En abril de 1998, durante uno de mis viajes a Bolivia, fui invitado a merendar a su casa en Santa Cruz de la Sierra por el arquitecto Antelo, con el que había encontrado una rápida sintonía. Por la mañana, el ingeniero Egüez me había sugerido que, puesto que nuestro anfitrión era un buen pintor, y su esposa aficionada a las artes, podríamos entablar una competición artística informal que, si todo salía como esperaba, habría de ser el germen de una exposición conjunta en una de las galerías de la ciudad.
La idea me pareció, como casi todas las que surgen en el aturdimiento que provoca la distancia, casi tan curiosa como aceptable, y le pedí, por favor, que encargara a alguien de comprar los pinceles y pinturas al óleo, además de un lienzo de no excesivo tamaño, pues no me parecía oportuno contaminar la hospitalidad ni la merienda convirtiendo la casa del arquitecto en un estudio de arte.
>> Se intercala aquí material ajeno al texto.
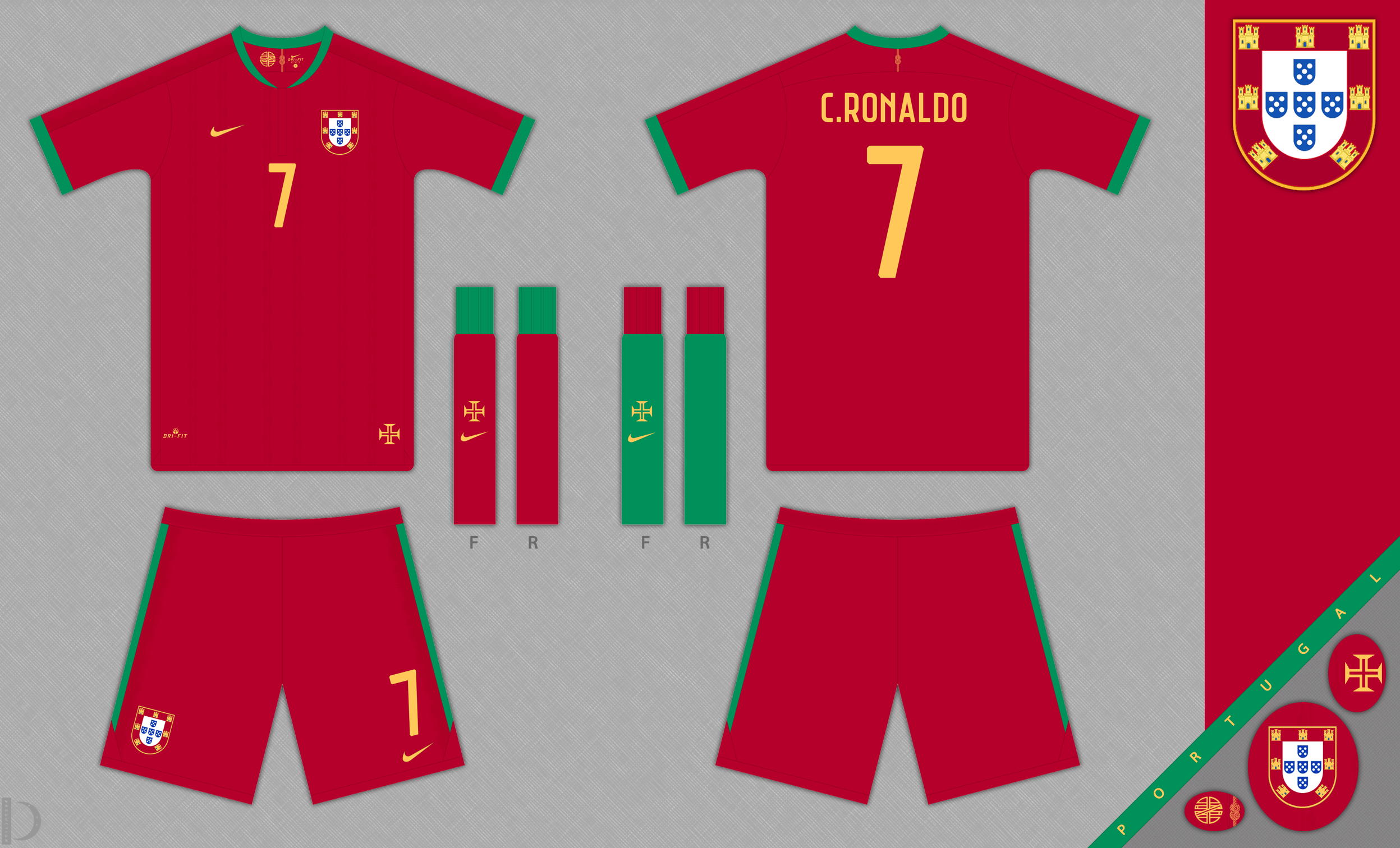 Home kit for Portugal, this is in Wine Red with green trim.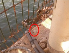 "1.5" domed brass mark. Located on wharf deck at the tide station."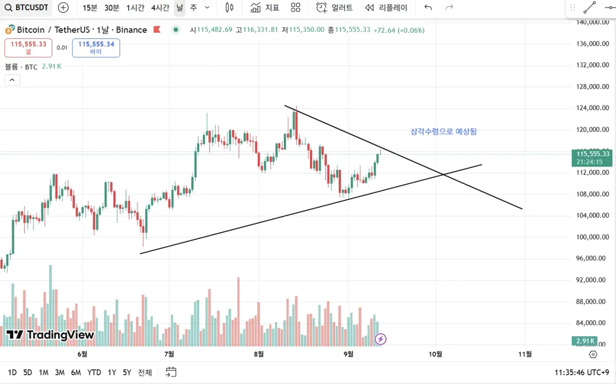 비트코인 차트가 삼각수렴으로 상승할 것으로 예상되어 작도후 캡처하여 올립니다.

Mientras dábamos cuenta del jamón, el queso y otras viandas, amén de un magnífico vino serrano que las mujeres de la casa pusieron a disposición de los contendientes y espectadores, y mientras Antelo desplegaba su caballete y la caja de tubos de colorines, le urgí a Egüez que me entregara lo que su propio me había comprado en la mañana. Grande fue mi sorpresa cuando desempaquetó dos tubos -uno negro y otro rojo bermellón, un diminuto bastidor, y un pincel más adecuado para embadurnar paredes que para finuras de artista diletante.
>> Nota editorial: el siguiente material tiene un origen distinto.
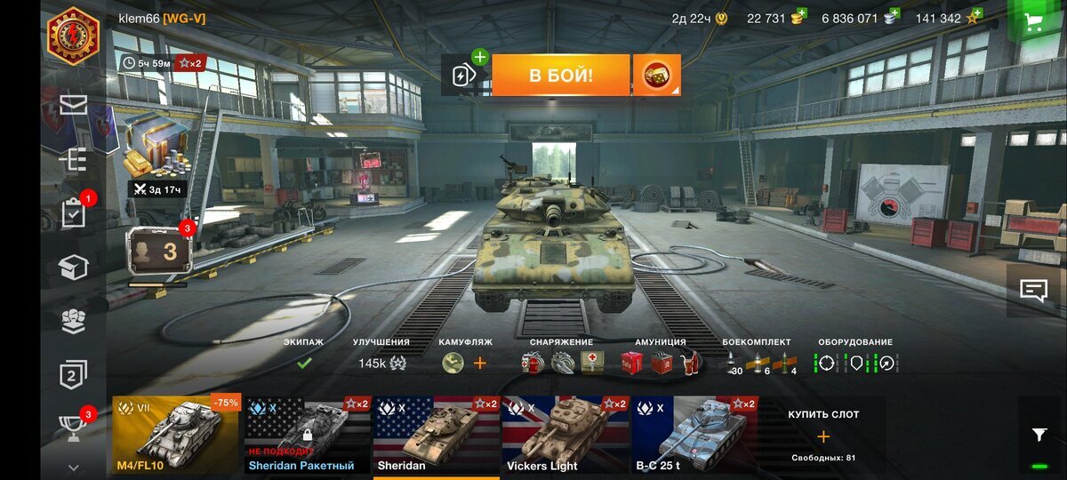 Здравствуйте, дорогие читатели моего канала. Сегодня мы с вами разберём американский лёгкий танк 10 уровня XM551 Sheridan. XM551 Sheridan Какие обычно приходят ассоциации при упоминании словосочетания "Лёгкий танк"? Быстрый, маленький, без брони и с орудием, либо уступающим во всем средним танкам, либо примерно равным им, основная задача которых - проводить разведку. А нанесение урона оставлять более грозно вооруженным союзникам. Да, для каких-то лт это, может быть, и верно. Но не для Шеридана. XM551 - единственный лт 10 уровня, который на вооружении имеет орудие калибром 152мм. Обычно орудия такого калибра стоят на противотанковых самоходках. Этим и уникален Шеридан. Давайте подробнее разберём его орудие. Есть пробитие Основные снаряды - подкалиберы( 230 пробития, и 560 урона) со скоростью полета в 1000м/с. Казалось бы, очень даже неплохо, но вот у остальных лт 10 основные снаряды имеют скорость полета почти в 1,5 раза выше. В качестве золотых снарядов идут кумулятивы (310 мм пробития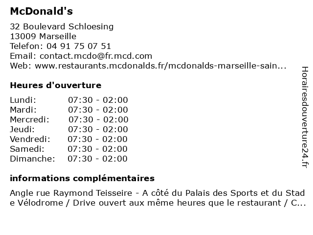 1 McDonald's (Distance: 2,14 km) 211-213 rue de Rome, 13006 Marseille burgers, fast, food, hamburgers, mcdonald's, rapide, restaurant, restauration 2 McDonald's (Distance: 2,44 km) 13 Rue Madon, 13005 Marseille burgers, fast, food, hamburgers, mcdonald's, rapide, restaurant, restauration 3 McDonald's (Distance: 2,73 km) 122 Avenue de Hambourg, 13008 Marseille burgers, fast, food, hamburgers, mcdonald's, rapide, restaurant, restauration 4 McDonald's (Distance: 2,75 km) - Place Félix Baret, 13006 Marseille burgers, fast, food, hamburgers, mcdonald's, rapide, restaurant, restauration 5 McDonald's (Distance: 3,24 km) 79 Canebière, 13001 Marseille burgers, fast, food, hamburgers, mcdonald's, rapide, restaurant, restauration 6 McDonald's (Distance: 3,27 km) 7 Quai de Rive Neuve, 13001 Marseille burgers, fast, food, hamburgers, mcdonald's, rapide, restaurant, restauration |

“El hombre al que mandé en la mañana a comprar lo tuyo, me dijo que solo encontró esto en la imprenta a la que fue. Lo siento”.
Antelo se apiadó de mí, y me dejó una caja de pinturas que su hija había utilizado en alguna clase de manualidades. Y, mientras el realizaba, con maestría, una hermosa composición -que apostaría que tenía estudiada de antemano-, yo, aturdido, ensayé en el escaso margen que tenía a disposición y los colores que no estaban endurecidos por el paso del tiempo, varias ideas que no acababan de convencerme, sintiendo los ojos clavados en la nuca de las bellas mujeres de aquella casa (la esposa y las hijas de Antelo, entre otras santas mujeres).
A Egüez le gustó lo que pinté (no me acuerdo qué resultó, al final, de tanto como me esforcé en cambiar líneas y acumular colores, buscando un contenido), y se quedó con el cuadrito. Y yo, aquella misma noche, de vuelta a Los Tajibos, dibujé en mi cuaderno de viaje este apunte que, pasados unos meses, traspasé a una tabla con acrílico. Se me había olvidado que titulé el primer esbozo “Poniendo a prueba la capacidad de destruir las carencias”. Con el trascurso del tiempo, pinturas, dibujos y poemas, cobran dimensiones que no estaban allí cuando las imaginó el autor, quienquiera que haya sido.